Siamese neural network for sequence embedding
This repo constains three major components:
- siamese.ipynb
- select_training_data
- DNA_Align
- tools
- demo
siamese.ipynb
is a notebook that contains the model definition and implementation in Pytorch.
select_training_data
is the C++ implementation of the active landmark selection algorithm for preparing training data for SENSE.
DNA_Align
constains the binary for evaluating the embedding results.
tools
constains some useful python utilities.
demo
constains data for demonstration.
- Clang
- Cmake
- Boost
- Pytorch
- CUDA
CUDA
is needed only if you need GPU acceleration, but we highly recommend using it. The installation of these tools can be found on their official websites.
To compile /DNA_Align/:
cd DNA_Align
mkdir build && cd build
cmake .. && make
The executable binary should be under DNA_Align/build/src/
.
To compile /select_training_data/:
cd select_training_data
mkdir build && cd build
cmake .. && make
The executable binary should be under select_training_data/build/src/
.
The demo dataset contains 10,000 sequences sampled from RT988 dataset. In this demo, we sampled 500 out of 10,000 sequences and compute their pairwise distances for evaluation. This process may take a long time due to sequence alignment. To prepare the evaluation data:
python tools/sample.py -i demo/seqs.fa -o demo/eval.fa -s 0 -n 500
python tools/pair.py -i demo/eval.fa -o demo/eval_pair.fa
./DNA_Align/build/src/nw demo/eval_pair.fa demo/eval_aligned.fa
python tools/dist.py -i demo/eval_aligned.fa -o demo/eval_dist.txt
In this demo, we prepare 20 * 500 training sequence paris and shuffle them. To select training data:
./select_training_data/build/src/select_training_data -f demo/seqs.fa -s demo/seqs_ids.txt -p demo/pair.fa -d demo/dist.txt -a 1 -t 20 -n 500
python tools/shuffle.py -p demo/pair.fa -d demo/dist.txt -s 0
Here is the help for the options:
options.add_options()
("f,fasta_file", "input fasta file", cxxopts::value<std::string>())
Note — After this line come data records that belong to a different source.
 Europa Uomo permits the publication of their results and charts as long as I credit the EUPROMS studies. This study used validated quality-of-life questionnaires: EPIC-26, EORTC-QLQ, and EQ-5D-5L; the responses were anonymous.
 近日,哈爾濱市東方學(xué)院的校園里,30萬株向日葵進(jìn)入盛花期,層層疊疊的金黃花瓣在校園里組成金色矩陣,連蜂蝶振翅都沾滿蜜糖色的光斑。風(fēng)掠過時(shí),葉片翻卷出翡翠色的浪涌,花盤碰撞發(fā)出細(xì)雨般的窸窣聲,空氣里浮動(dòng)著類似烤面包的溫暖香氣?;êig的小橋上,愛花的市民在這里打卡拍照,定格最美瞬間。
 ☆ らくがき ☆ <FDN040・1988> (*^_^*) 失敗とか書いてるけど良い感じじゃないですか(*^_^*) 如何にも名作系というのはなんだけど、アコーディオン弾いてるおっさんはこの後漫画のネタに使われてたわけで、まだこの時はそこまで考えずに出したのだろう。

("s,seq_ids_file", "output seq ids file", cxxopts::value<std::string>())
("p,pairs_file", "output pairs file", cxxopts::value<std::string>())
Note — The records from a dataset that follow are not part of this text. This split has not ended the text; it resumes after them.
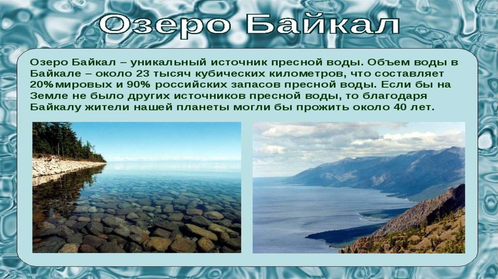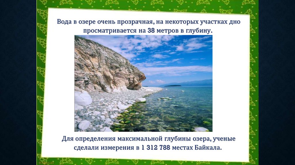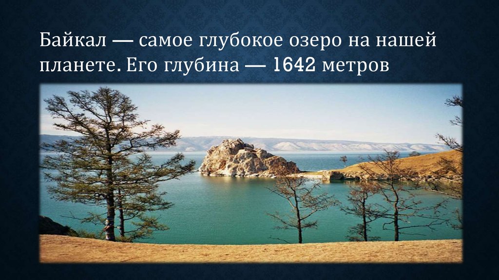 Байкал — самое глубокое озеро на нашейпланете. Его глубина — 1642 метров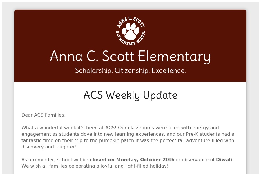 Anna C. Scott Elementary Scholarship. Citizenship. Excellence. ACS Weekly Update Dear ACS Families, What a wonderful week its been at ACS! Our classrooms were filled wi. . .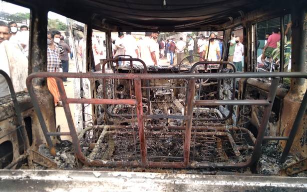 They set ablaze a jeep in which Kunnathunad circle inspector V.T. Shajan and four other police personnel arrived, while two other police jeeps too were damaged. The personnel were also roughed up, while most of them suffered head injuries in stone pelting.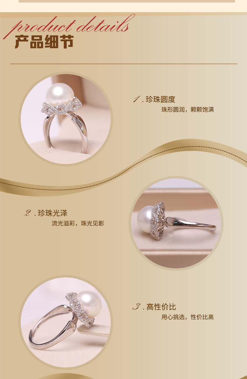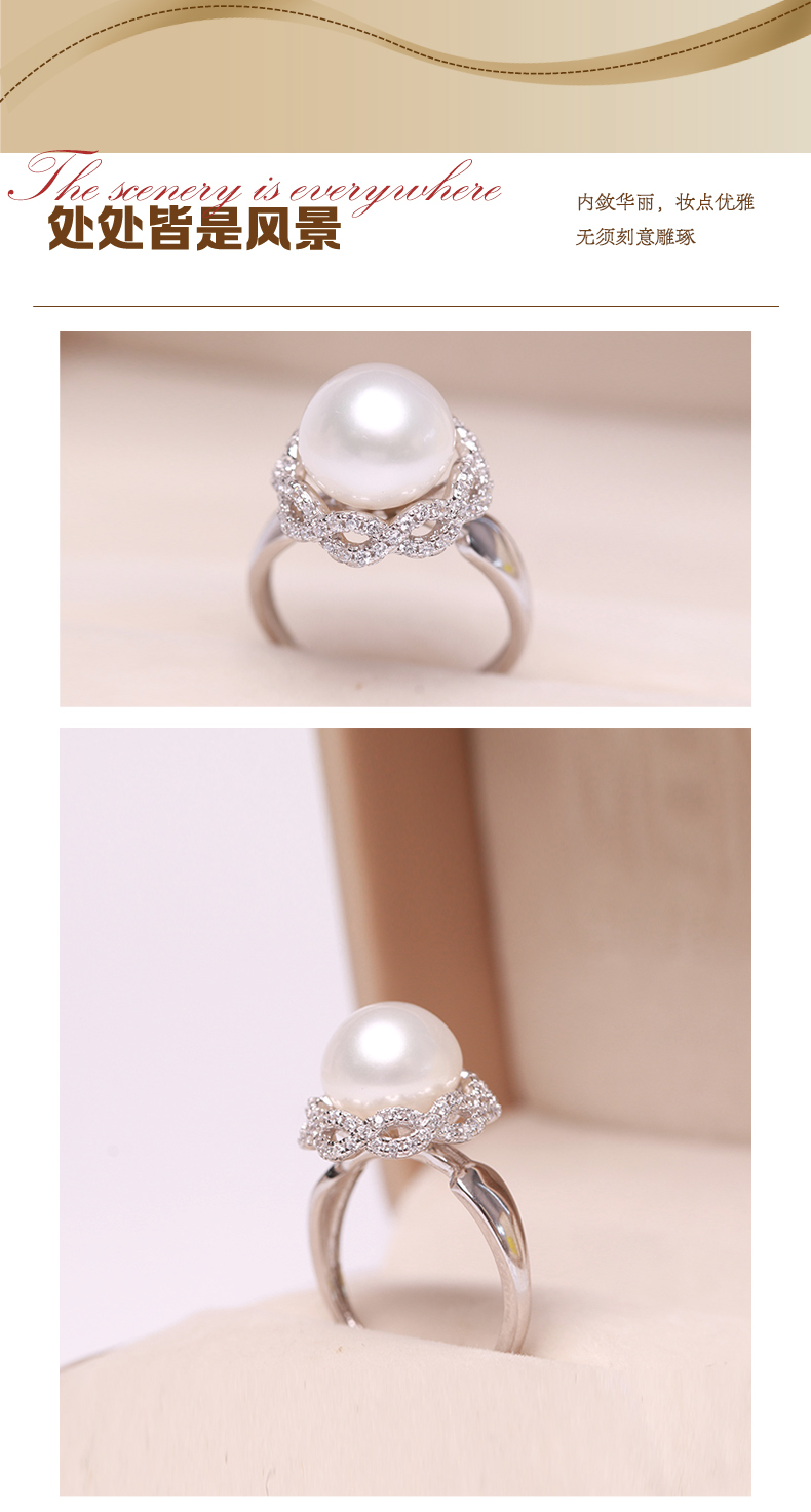 美裕 925银淡水珍珠戒指 开口戒8-9mm 108487W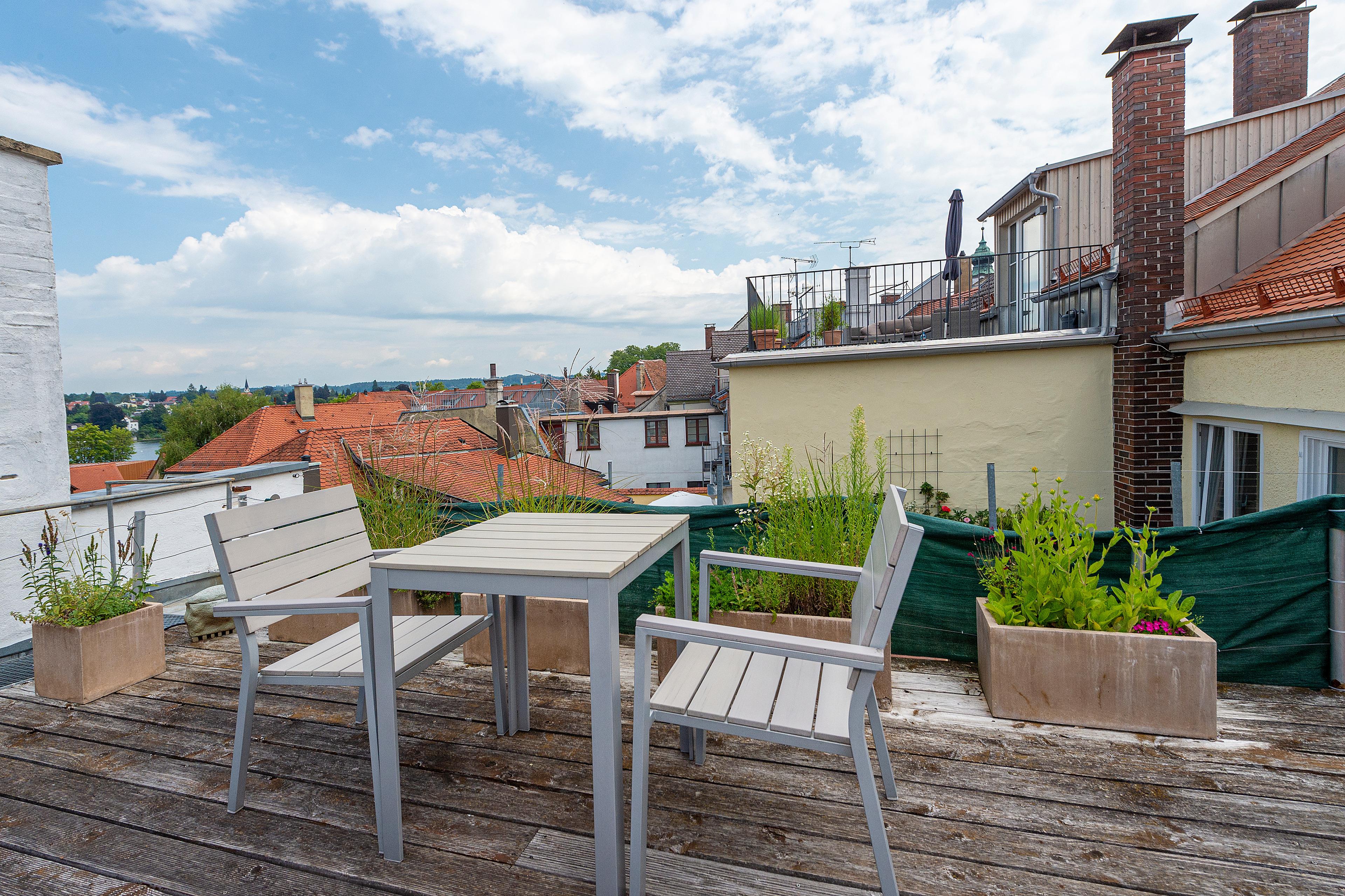 Hier genießen Sie Ihren Kaffee oder Sundowner auf Ihrer eigenen Terrasse inmitten der Dachlandschaft der historischen Lindauer Insel.

("d,dists_file", "output dists file", cxxopts::value<std::string>())
("a,abundance_threshold", "abundance threshold", cxxopts::value<std::size_t>())
("t,target_num_landmarks", "target number of landmarks", cxxopts::value<std::size_t>())
("n,num_random_sample", "number of random sample", cxxopts::value<std::size_t>())
Run the jupyter notebook for defining, training and evaluating the model.